秋風の ヴィオロンの 節(ふし)ながき啜泣(すすりなき) もの憂(う)き哀しみに わが魂を 痛ましむ。
 時の鐘 鳴りも出づれば せつなくも胸せまり 思ひぞ出づる 来し方に 涙は湧く。
 落葉ならね 身をば遣(や)る われも、 かなたこなた 吹きまくれ 逆風(さかかぜ)よ
(堀口大學訳『秋の歌』)

 第2次大戦の戦局が、連合軍へと大きく傾いたノルマンディー上陸作戦(オーバーロード作戦・史上最大の作戦)。1944年6月6日、ドイツ占領下の北フランスの海岸へ連合軍兵士が大挙上陸した。「6月2日、3日の夜、BBC(英国放送協会)の暗号が放送された。大陸の地下組織は、この暗号に胸をとどろかし、いよいよ解放の日が近づいたのを知った」。イギリスの元首相、ウィンストン・チャーチルは『第2次大戦回顧録 抄』(毎日新聞編訳・中公文庫)で、こう書いている。

 実際には暗号は6月1日から3日間、午後9時のニュースの中で、フランス語「Les sanglots longs des violons de l'automne」(上田訳=秋の日の ヴィオロンの ためいきの)で「個人的便り」として放送されたという。「連合軍の上陸が近い、準備せよ」という意味で、レジスタンへの通報だった。さらに、6月5日午後9時15分からは「blessent mon cœur d'une langueur monotone(同=身にしみて ひたぶるに うら悲し)が放送された。これから48時間以内に作戦が実施されるという連絡だった。フランス人ならだれもが知っているといいほど、よく知られた詩。ヴェルレーヌ自身、後世にこんな使い方をされるとは思ってもいなかっただろう。

この作戦に同行した写真家のロバート・キャパは106枚の写真を撮影した。ところが、暗室の助手が興奮のあまりネガフィルムを現像して乾燥させる際、過熱させて乳剤を溶かしてしまい、ほとんどがだめになってしまった。残ったのはわずか8枚で、熱気でぼやけた写真には「キャパの手はふるえていたと説明してあった」(『ちょっとピンぼけ』ダヴィット社)という。惜しいことをしたと思わざるを得ない。(実際に残ったのは72枚のうちの11枚という説もある)

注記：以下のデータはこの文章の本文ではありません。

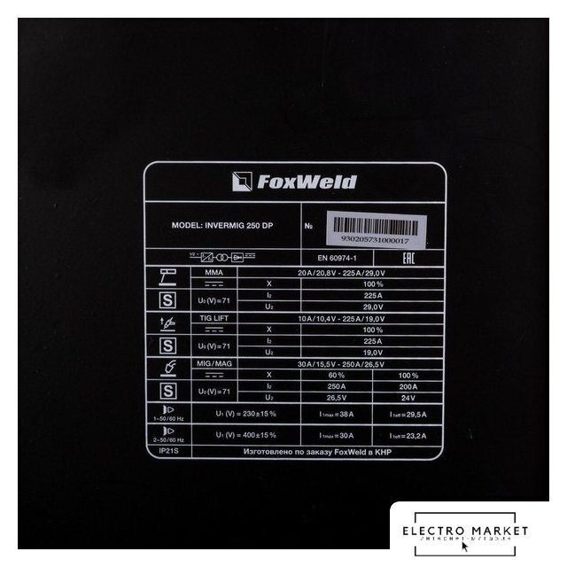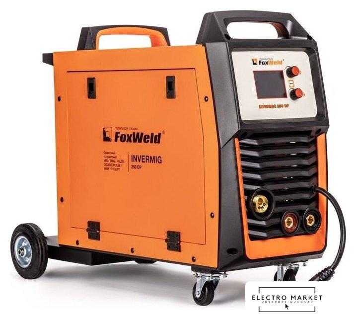 | Комплект поставки | • Сварочный полуавтомат FOXWELD INVERMIG 250 DP – 1 шт.;• Горелка MB 24 MIG 3 м (с каналом 0,8 - 1,0 мм для стали) – 1 шт.;• Электрододержатель 300 А 25 мм², 3 м – 1 шт.;• Масса с зажимом 300 А 25 мм², 3 м – 1 шт.;• Тефлоновый канал (красный 1,0/1,2) 3 м для сварки алюминия – 1 шт.;• Контактные наконечники для стали 0,8 мм – 2 шт.;• Контактные наконечники для стали 1,0 мм – 2 шт.;• Контактные наконечники для алюминия 1,0 мм – 2 шт.;• Контактные наконечники для алюминия 1,2 мм – 2 шт.;• Ролик с V-образной канавкой 0,8/1,0 мм – 2 шт. (в аппарате);• Ролик с U-образной канавкой 1,0/1,2 мм – 2 шт.;• Хомут для шланга – 2 шт.;• Газовый шланг 3 м – 1 шт.;• Руководство пользователя – 1 шт.;• Гарантийный талон (5 лет) – 1 шт. |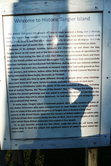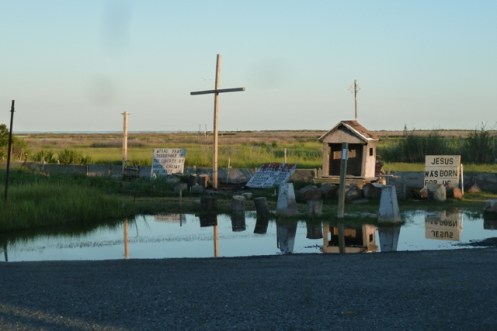 In the War of 1812, the British established Fort Albion at the beach end of the island and from there sailed up the Chesapeake Bay to sack and burn Washington D.C. Later they also unsuccessfully attacked Fort Henry up near Baltimore (which is of course where the national anthem “Star Spangled Banner” got its birth). Fort Albion was also where hundreds of escaped slaves first experienced freedom before being inducted and trained in the British Army, or relocated to Bermuda and Trinidad. Methodist camp meetings were also held on the island and its religious roots still run deep. We observed many crosses, religious signs on boats or piers, and souvenir mementos pointing to a solid Christian faith.

ただ「皮肉なことに、助かった写真のブレは、実際にはその劇的な衝撃力を強めることになったかもしれない。というのは、ボケていることで、そこから緊張感が伝わり、爆発音が響いてくるかのように感じられるからだ」(リチャード・ウィーラン・沢木耕太郎訳『キャパ その死』文藝春秋)というから、暗室作業の失敗は、意外な効果があったようだ。キャパ自身、ヴェルレーヌの詩が暗号として使われたことを知っていたかどうかは分からない。

※ヴェルレーヌ=早熟の天才といわれ、飲酒、男色、放浪という波乱の生涯を送った。『落葉』(秋の歌)は1866年出版の処女詩集『サチュルニアン詩集』にあり、20歳の時の作品だ。感情のさまざまな動きを音楽的言葉(音楽的韻律)で表現した。ヴィオロンはヴァイオリンのこと。ヸオロンはヴィオロンと読み、フランス語violonのカタカナ表記。